Omitting all images, transcribe the entries word for word.

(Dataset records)
-- Opening Marker --
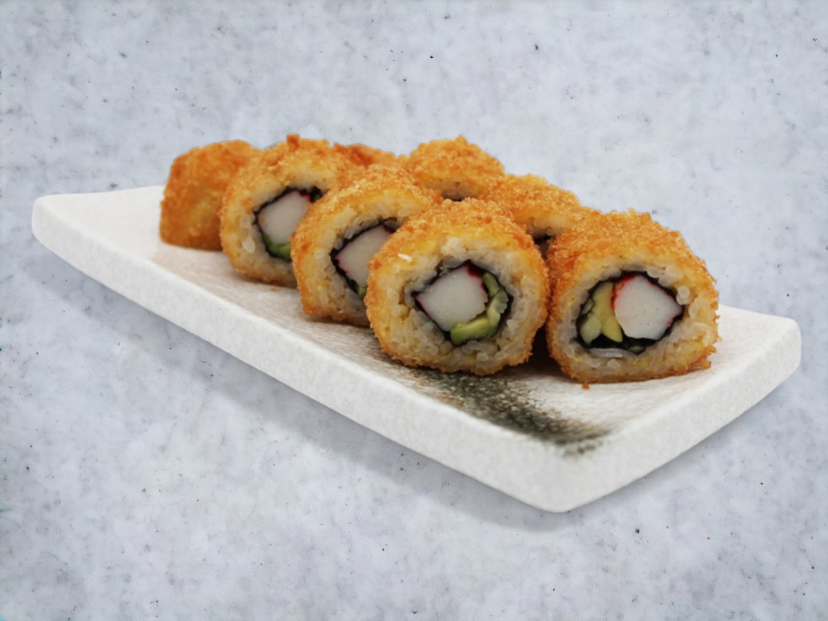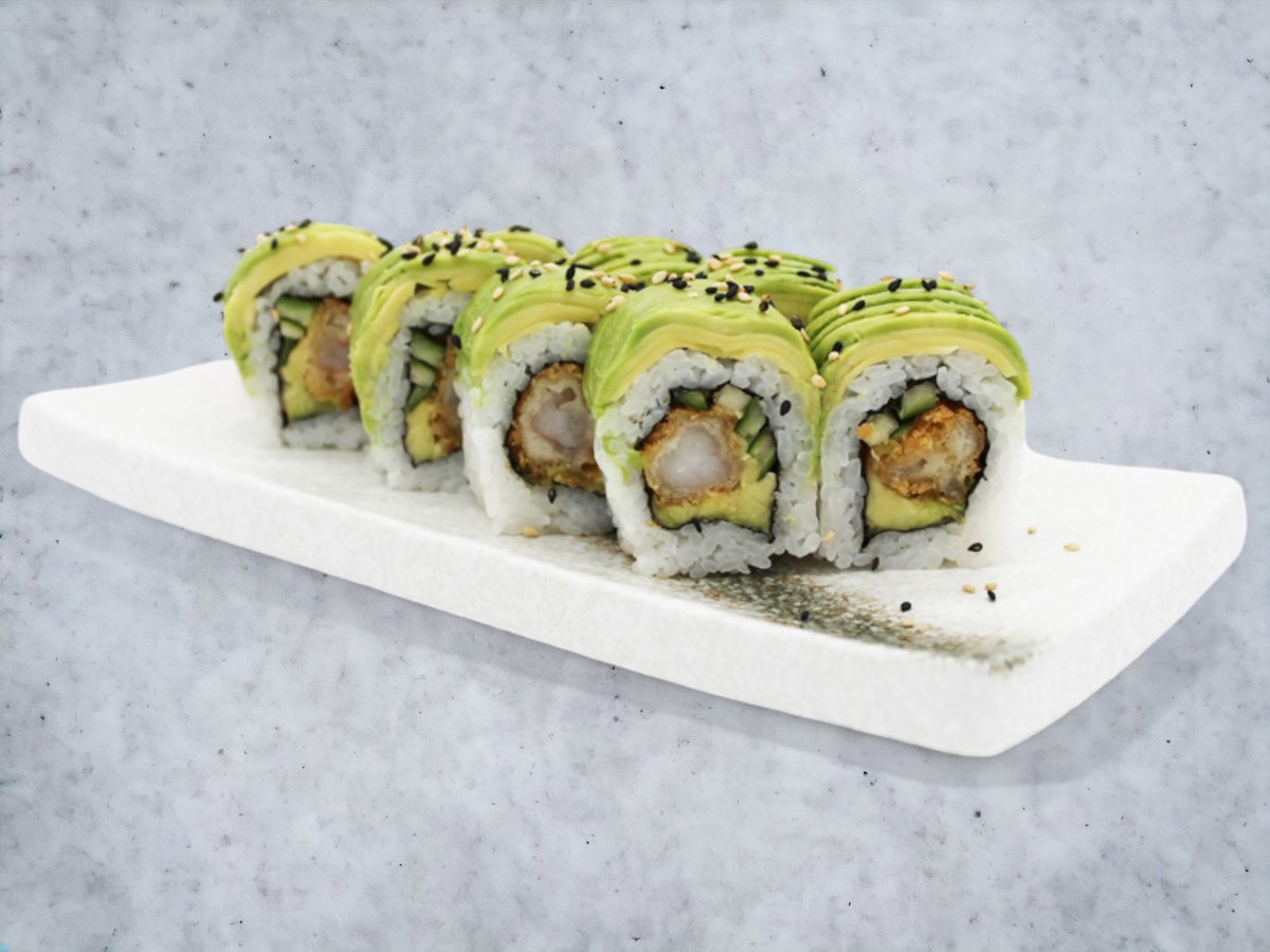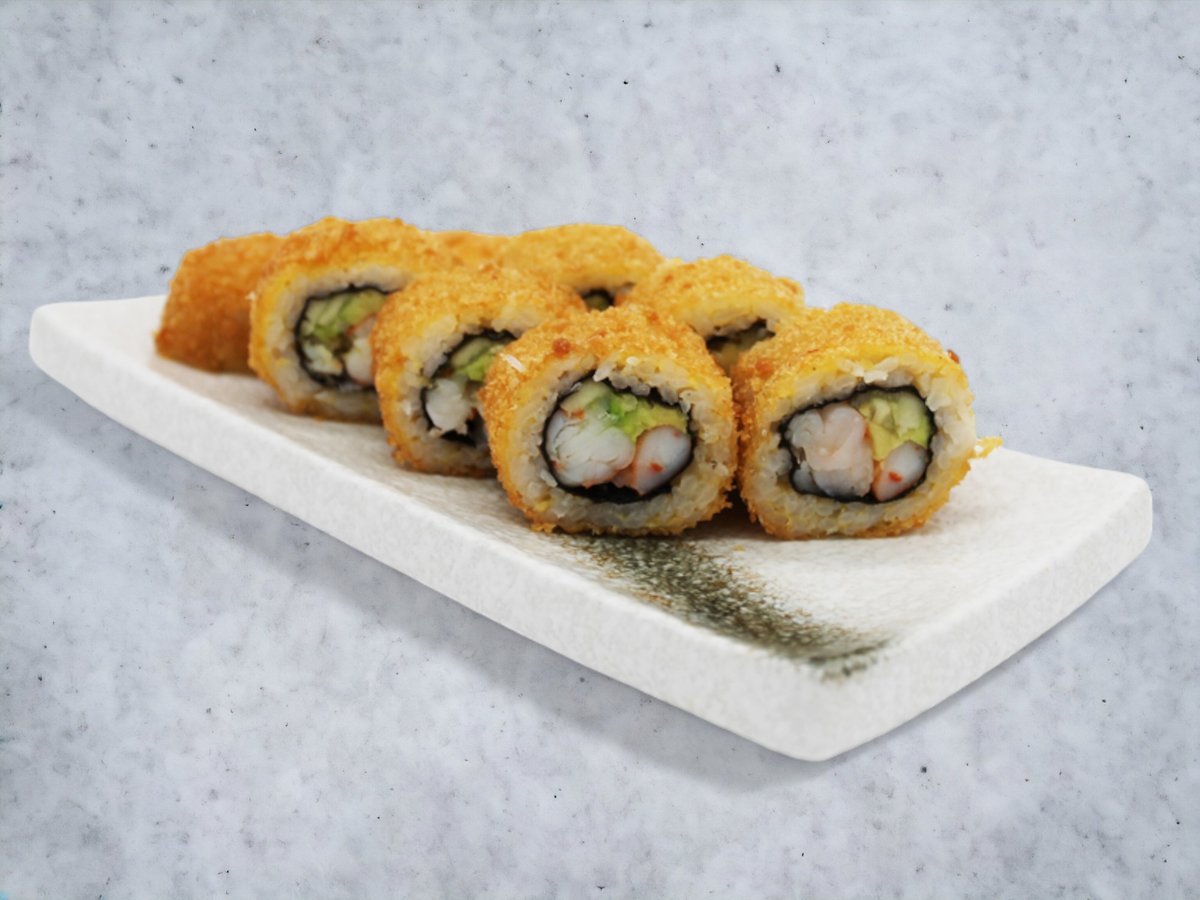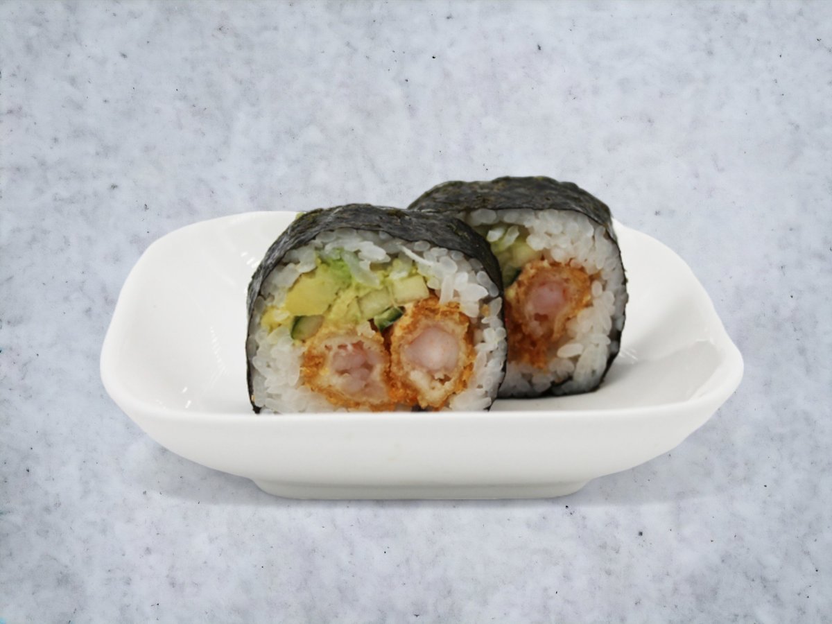 Dybstegt panerede rejer, avocado, agurk, teriyaki og sesam.
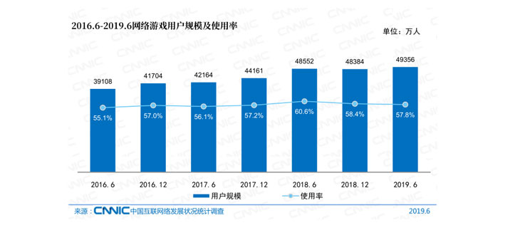截至2019年6月,我国网络游戏用户规模达4.94亿,较2018年底增长972万,占网民整体的57.8%;手机网络用户规模达4.68亿,较2018年底增长877万,占手机网民的55.2%。
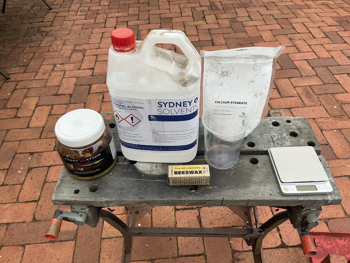 Quantities for the waterproof, UV stable Shellac, for anyone who wants to try it. 0.5 litres ISO Alcohol 125 grams Shellac flakes 15 grams beeswax 2 grams calcium stearate heat over electric element…not any kind of flame burner… dissolve shellac and beeswax. Add stearate and remove from heat…stir until cooled. this is tedious, but essential to achieve the emulsion state. Use lowest heat setting that will get the melt done. When cool, it should be an emulsion, yellow, gel consistency, with no discrete balls of wax. Store in sealed container. Apply with brush. ‘the finish can be heated with a heat gun to fix any unsightly applications. Apply inside and outside. Done. I will be making a batch as soon as my stearate arrives this compound is 100% biodegradable. There is another compound i will try, but that is not 100% biodegradable. I will update as things happen.
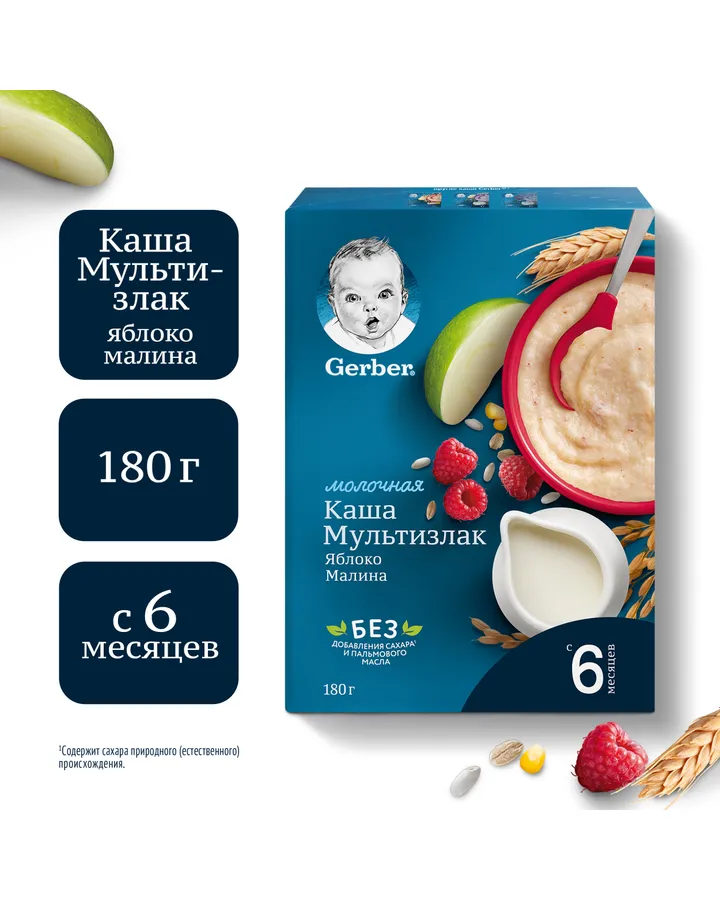 Каша молочная Gerber мультизлаковая с яблоком и малиной 180г с 6месяцев
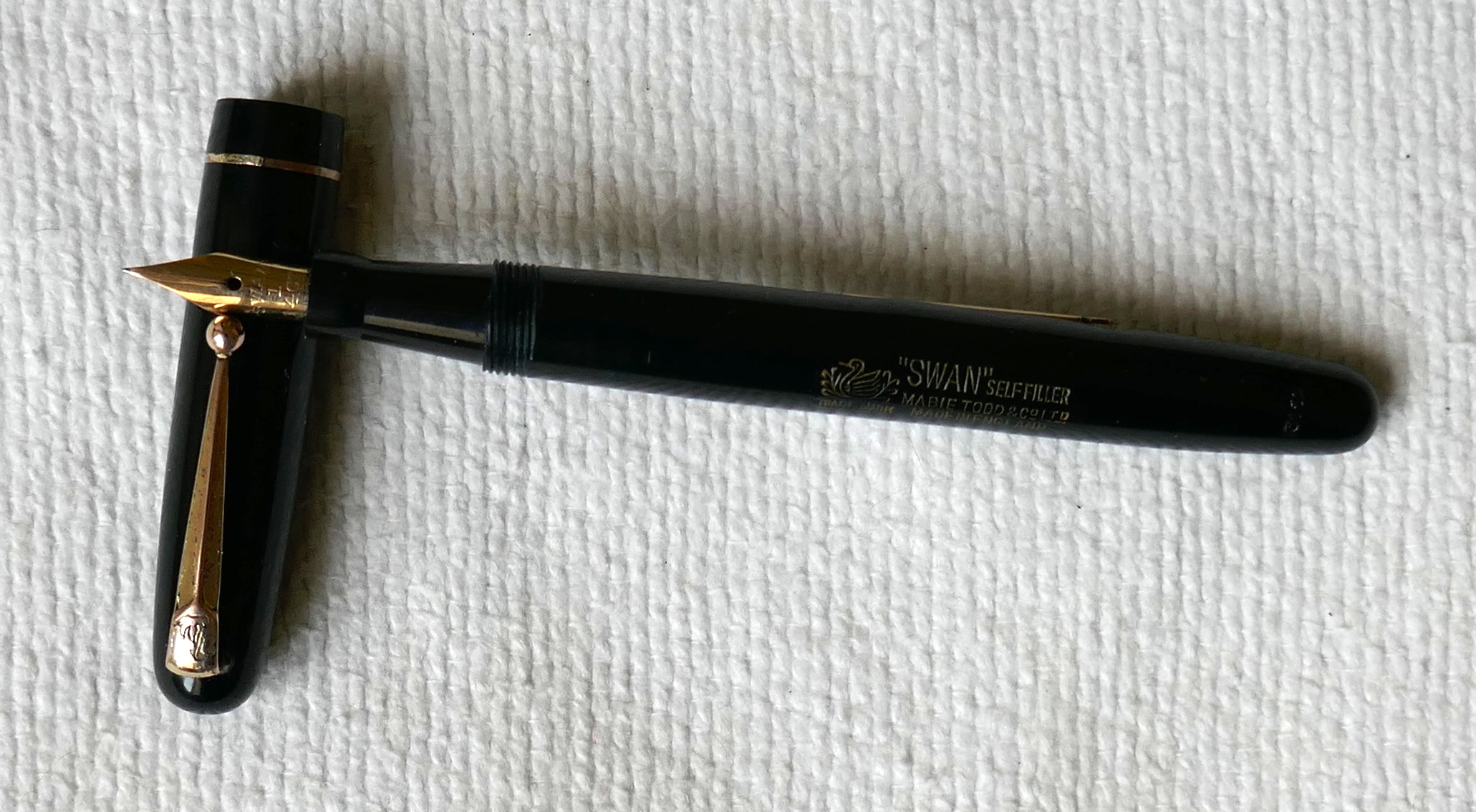 Foto di una penna Swan. Modello: Swan 3162. Caricamento a levetta. Realizzazione in celluloide nera. Dimensione piccola con veretta singola, pennino #1. Contributo di Andrea (utente forum bisguillo).
-- Closing Marker --
#### Task answer
 Dybstegt panerede rejer, avocado, agurk, teriyaki og sesam.
截至2019年6月,我国网络游戏用户规模达4.94亿,较2018年底增长972万,占网民整体的57.8%;手机网络用户规模达4.68亿,较2018年底增长877万,占手机网民的55.2%。
 Quantities for the waterproof, UV stable Shellac, for anyone who wants to try it. 0.5 litres ISO Alcohol 125 grams Shellac flakes 15 grams beeswax 2 grams calcium stearate heat over electric element…not any kind of flame burner… dissolve shellac and beeswax. Add stearate and remove from heat…stir until cooled. this is tedious, but essential to achieve the emulsion state. Use lowest heat setting that will get the melt done. When cool, it should be an emulsion, yellow, gel consistency, with no discrete balls of wax. Store in sealed container. Apply with brush. ‘the finish can be heated with a heat gun to fix any unsightly applications. Apply inside and outside. Done. I will be making a batch as soon as my stearate arrives this compound is 100% biodegradable. There is another compound i will try, but that is not 100% biodegradable. I will update as things happen.
 Каша молочная Gerber мультизлаковая с яблоком и малиной 180г с 6месяцев
 Foto di una penna Swan. Modello: Swan 3162. Caricamento a levetta. Realizzazione in celluloide nera. Dimensione piccola con veretta singola, pennino #1. Contributo di Andrea (utente forum bisguillo).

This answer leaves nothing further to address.